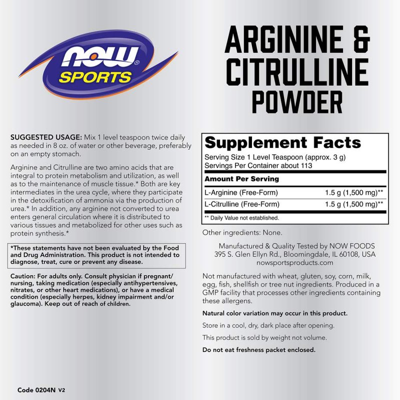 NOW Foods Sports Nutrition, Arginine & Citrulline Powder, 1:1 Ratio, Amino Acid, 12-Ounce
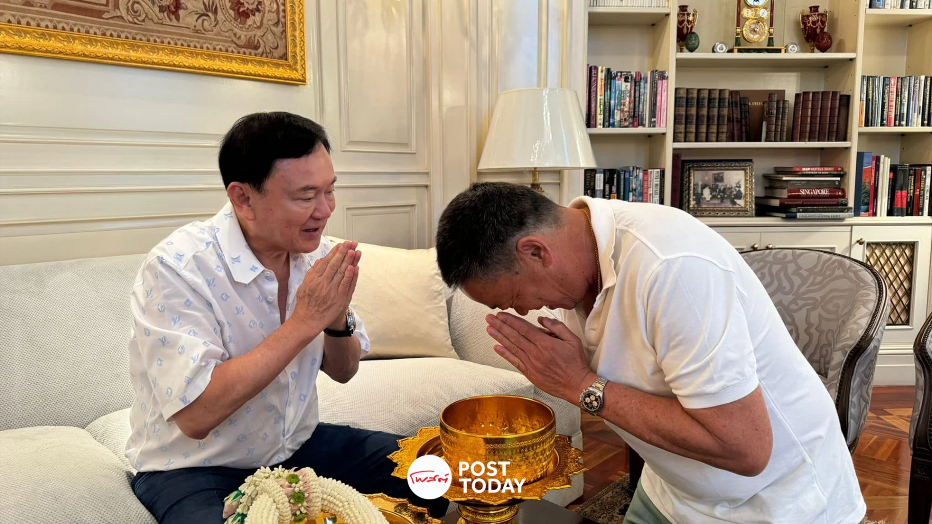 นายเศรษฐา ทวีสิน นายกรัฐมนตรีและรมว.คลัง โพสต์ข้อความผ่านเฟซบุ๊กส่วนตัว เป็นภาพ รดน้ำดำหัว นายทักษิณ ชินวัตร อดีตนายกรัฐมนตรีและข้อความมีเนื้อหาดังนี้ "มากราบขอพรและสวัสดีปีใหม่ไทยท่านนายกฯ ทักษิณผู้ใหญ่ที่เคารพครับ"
* * * *
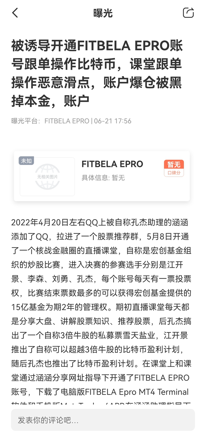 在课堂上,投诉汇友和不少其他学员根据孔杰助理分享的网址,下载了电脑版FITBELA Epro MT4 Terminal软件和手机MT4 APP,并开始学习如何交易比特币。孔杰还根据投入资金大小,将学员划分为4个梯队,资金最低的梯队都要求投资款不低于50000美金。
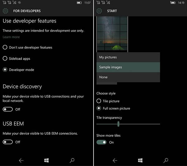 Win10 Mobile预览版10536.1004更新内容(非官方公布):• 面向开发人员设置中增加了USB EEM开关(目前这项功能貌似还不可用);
* * * *
Look above for the line with "NOW Foods Sports" and the line with "นายเศรษฐา ทวีสิน นายกรัฐมนตรีและรมว.คลัง", then restate exactly those two lines and all lines between them, with no pictures.

 NOW Foods Sports Nutrition, Arginine & Citrulline Powder, 1:1 Ratio, Amino Acid, 12-Ounce
 นายเศรษฐา ทวีสิน นายกรัฐมนตรีและรมว.คลัง โพสต์ข้อความผ่านเฟซบุ๊กส่วนตัว เป็นภาพ รดน้ำดำหัว นายทักษิณ ชินวัตร อดีตนายกรัฐมนตรีและข้อความมีเนื้อหาดังนี้ "มากราบขอพรและสวัสดีปีใหม่ไทยท่านนายกฯ ทักษิณผู้ใหญ่ที่เคารพครับ"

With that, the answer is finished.